为了方便 Embedding API 调用,首先,应将 API key 填入 .env 文件, 然后使用代码读取并加载环境变量。

OpenAI API

模型简介

GPT 有封装好的接口,使用时简单封装即可。目前 GPT Embedding model 有三种,性能如下

模型 每美元页数 MTEB得分 MIRACL得分
text-embedding-3-large 9,615 64.6 54.9
text-embedding-3-small 62,500 62.3 44.0
text-embedding-ada-002 12,500 61.0 31.4

其中:

从以上三个 Embedding model 可以看出:

使用示例

import os

from openai import OpenAI
from dotenv import load_dotenv, find_dotenv

_ = load_dotenv(find_dotenv())

os.environ["HTTPS_PROXY"] = "http://127.0.0.1:7890"
os.environ["HTTP_PROXY"] = "http://127.0.0.1:7890"


def openai_embedding(text: str, model: str = None):
    # 获取环境变量 OPENAI_API_KEY
    api_key = os.environ["OPENAI_API_KEY"]
    client = OpenAI(api_key = api_key)
    # embedding model
    if model == None:
        model = "text-embedding-3-small"
    # 模型调用    
    response = client.embeddings.create(
        input = text,
        model = model,
    )

    return response


response = openai_embedding(text="要生成 embedding 的输入文本,字符串形式。")
print(f"返回的 embedding 类型为:{response.object}")
print(f"embedding 长度为:{len(response.data[0].embedding)}")
print(f"embedding (前 10) 为:{response.data[0].embedding[:10]}")
print(f"本次 embedding model 为:{response.model}")
print(f"本次 token 使用情况为:{response.usage}")

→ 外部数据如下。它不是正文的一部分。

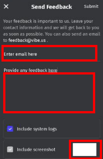 How to send feedback for Vibe Board 55"

API 返回的数据为 JSON 格式,除 object 向量类型外还有存放数据的 data、 embedding model 型号 model 以及本次 token 使用情况 usage 等数据, 具体如下所示:

{
  "object": "list",
  "data": [
    {
      "object": "embedding",
      "index": 0,
      "embedding": [
        -0.006929283495992422,
        ... (省略)
        -4.547132266452536e-05,
      ],
    }
  ],
  "model": "text-embedding-3-small",
  "usage": {
    "prompt_tokens": 5,
    "total_tokens": 5
  }
}
返回的 embedding 类型为:list

embedding 长度为:1536

embedding(前 10)为:[0.03884002938866615, 0.013516489416360855, -0.0024250170681625605, -0.01655769906938076, 0.024130908772349358, -0.017382603138685226, 0.04206013306975365, 0.011498954147100449, -0.028245486319065094, -0.00674333656206727]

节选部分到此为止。